Kibe Mungai is a lawyer at the High Court in Nairobi who currently represents Barasa. He argues that the prosecution is to blame for the withdrawal of witnesses.

“Serious crimes against humanity may have been committed in Kenya, but there has been insufficient professionalism on the part of the OTP,” Mungai told the Standard.

Benji Ndolo, director of the Organisation for National Empowerment, said Kenyans would view the ICC as a flawed institution incapable of gathering evidence against senior leaders if it failed to convict the
defendants.

“Kenyans would look at the ICC as lacklustre and a weak institution that is [open to manipulation],” he said. “Those who risked their lives, including NGOs and witnesses, would be thoroughly
disappointed.”

But other legal experts argue that regardless of the outcome of proceedings against Ruto/Sang and Kenyatta, the ICC has already created a strong deterrent against future crimes in Kenya.

“The ICC process will go a long way in showing Kenyans that no one is above the law and even the mightiest can be tried,” Donald Rabala, a senior lawyer at the High Court in Nairobi, said. “Before [2010] such things were not possible in Kenya.”

Last year’s presidential and local elections went off in a largely peaceful manner, and were hailed as proof of the ICC’s ability to deter people from engaging in mass crimes.

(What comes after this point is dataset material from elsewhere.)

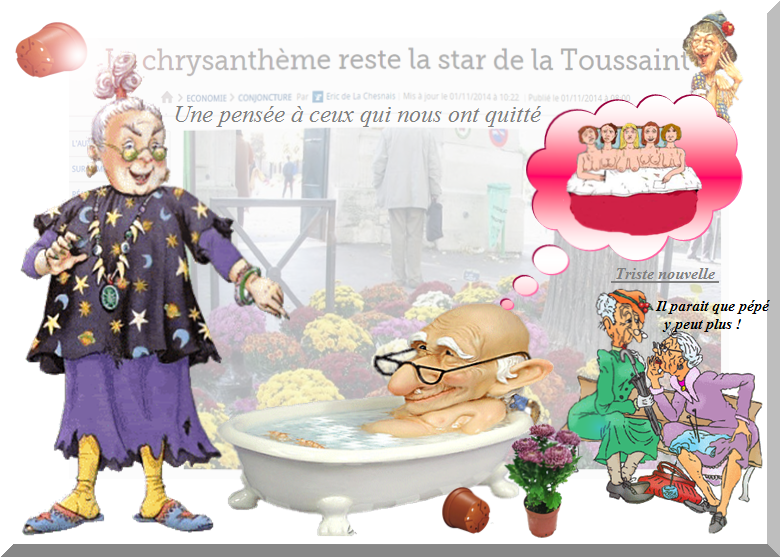 Faites des défunts, euh ce n'est pas faux comme disait l'Ankou en nettoyant sa ...euh son outil. Après la fête de tous seins... Aujourd'hui c'est la fête des morts. Pas de pot (de chrysanthème) pour pépé... Pas toujours car … Mais d'un autre côté mon pépé me disait toujours en parlant de sa vie sexuelle : À 20 ans, je n'arrivais pas à plier mon sexe Tellement il était dur... à 40 ans, j'arrivais presque à le plier en deux... à 60 ans, je le pliais en trois... Maintenant,à 98 ans,j'arrive à le rouler ! C'est incroyable comment... avec l'âge, j'ai pris de la force dans les bras ! tant qu'il y a de l'envie,il y a de l'espoir

“One of the most important contributions an institution like the ICC can make is to act as a credible deterrent measure against atrocities,” Fergal Gaynor, the legal representative for victims in the Kenyatta case, said. “I am personally convinced that the threat of ICC prosecutions may well have been a significant factor [in the peaceful polls].”

Others argue that the central issue is whether the court has taken every possible step to deliver justice.
Mokaya Orina, a lecturer at Moi University, says that the actual legacy of the Court will be determined by a fair determination of the
cases.

“This is why the Judges are trying hard to ensure that the cases are not dismissed on mere technicality,” he noted.

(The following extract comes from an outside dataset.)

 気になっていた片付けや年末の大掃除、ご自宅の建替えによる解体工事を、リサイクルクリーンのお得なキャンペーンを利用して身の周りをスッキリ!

The law don was referring to two recent rulings where the bench ordered the Kenyan government to disclose Kenyatta’s financial records and to compel some eight witnesses to testify against Ruto and Sang.

Others highlight the example that the ICC has set for reforms to Kenya’s domestic justice system.

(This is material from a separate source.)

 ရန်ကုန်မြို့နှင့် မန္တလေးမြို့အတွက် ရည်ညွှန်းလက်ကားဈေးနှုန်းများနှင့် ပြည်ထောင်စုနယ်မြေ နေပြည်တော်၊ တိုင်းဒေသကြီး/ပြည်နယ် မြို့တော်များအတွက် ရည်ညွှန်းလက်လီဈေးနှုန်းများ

City lawyer Vincent Lempa says The Hague court has demonstrated that criminal prosecutions must be carried out solely on the basis of evidence, and that the wealthy elite and senior public figures cannot
be shielded.

“The Kenyan judiciary has a history of being soft and friendly to the rich and the powerful,” he told the Standard on Sunday. “The Hague cases are a challenge to the Kenyan bench.”

As a case in point, Lempa praised the establishment of the International Crimes Division (ICD) of Kenya’s High Court. This unit is currently being set up to deal with crimes against humanity, war
crimes and genocide – matters that would previously have been tried at
the ICC.

According to Kenya’s Judicial Services Commission, the ICD will have powers to try mid- and lower-level perpetrators of the 2007-08 unrest under the International Crimes Act, a domestic version of the ICC’s
Rome Statute that was written into national law in 2009.

In Lempa’s view, “Without the ICC, the ICD would not have been created.”

Other supporters of the ICC say the challenges it has faced in Kenya should not detract from its achievements.

Rabala points to the way the Kenyan authorities have attempted to protect Kenyatta and Ruto from the course of justice.

Since 2010, the government has lodged a succession of challenges with ICC itself and with the United Nations Security Council, seeking either to delay the cases or to have them terminated altogether. Last
September, the lower and upper houses of the Kenyan parliament voted
to pull out of the ICC completely.

“The integrity of the court will remain intact,” Rabala concluded. “When the entire story is finally written it will be said that Kenyans, in effect, shielded their leaders.”